Keluarga korban menuntut agar para polisi yang terlibat didakwa dengan pembunuhan. Saudara perempuan korban, Bridgett Floyd menuntut penangkapan terhadap empat petugas polisi berkulit putih yang terlibat atas tindakan tersebut.

"Saya ingin para polisi itu didakwa melakukan pembunuhan, karena memang itulah yang mereka lakukan," ujar Floyd di televisi NBC.

"Mereka membunuh saudaraku ... Mereka seharusnya dipenjara karena pembunuhan."

“Aku tidak bisa bernapas”

Kemarahan publik pecah setelah beredar video yang memperlihatkan seorang polisi menahan George Floyd, pada Senin (25/05), sambil mencekik lehernya dengan lutut dan membuatnya kesulitan bernapas. 

"Lututmu di leherku. Aku tidak bisa bernapas ... Bu. Bu," pinta Floyd.

Setelahnya, Floyd menjadi kaku dan tidak bergerak, bahkan ketika petugas memintanya untuk "bangun dan masuk ke dalam mobil.'' Floyd dibawa ke rumah sakit dan kemudian dinyatakan meninggal.

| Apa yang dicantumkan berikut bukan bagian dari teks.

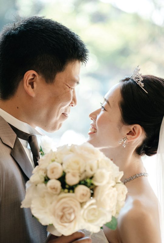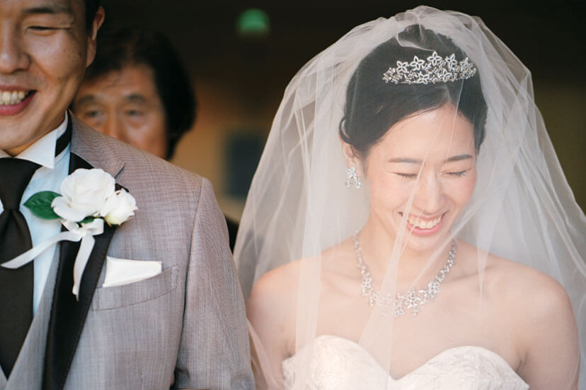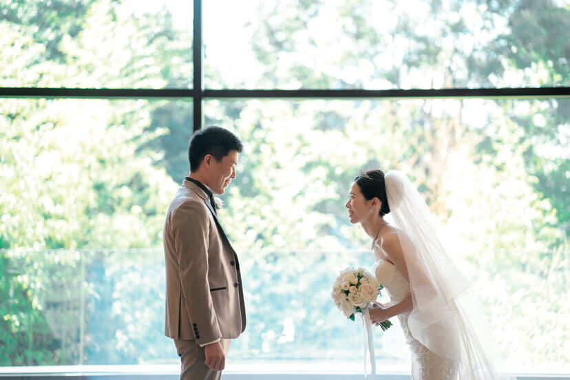 ドレスは目にしていた新郎だったが、ティアラを身に着けてダイヤモンドの輝きに包まれた花嫁を見るのは初めて。「キレイだね」と心からの言葉を伝えてくれて、花嫁も胸がいっぱいに。

Rekaman video lain dari kamera keamanan restoran terdekat, tidak menunjukkan indikasi bahwa Floyd melakukan perlawanan ketika polisi menahannya atas dugaan mencoba menggunakan uang kertas palsu senilai $ 20 dolar atau setara Rp 295 ribu, untuk pembelian di sebuah toko swalayan.

Keempat petugas yang terlibat telah dipecat dan kasusnya kini diserahkan ke FBI.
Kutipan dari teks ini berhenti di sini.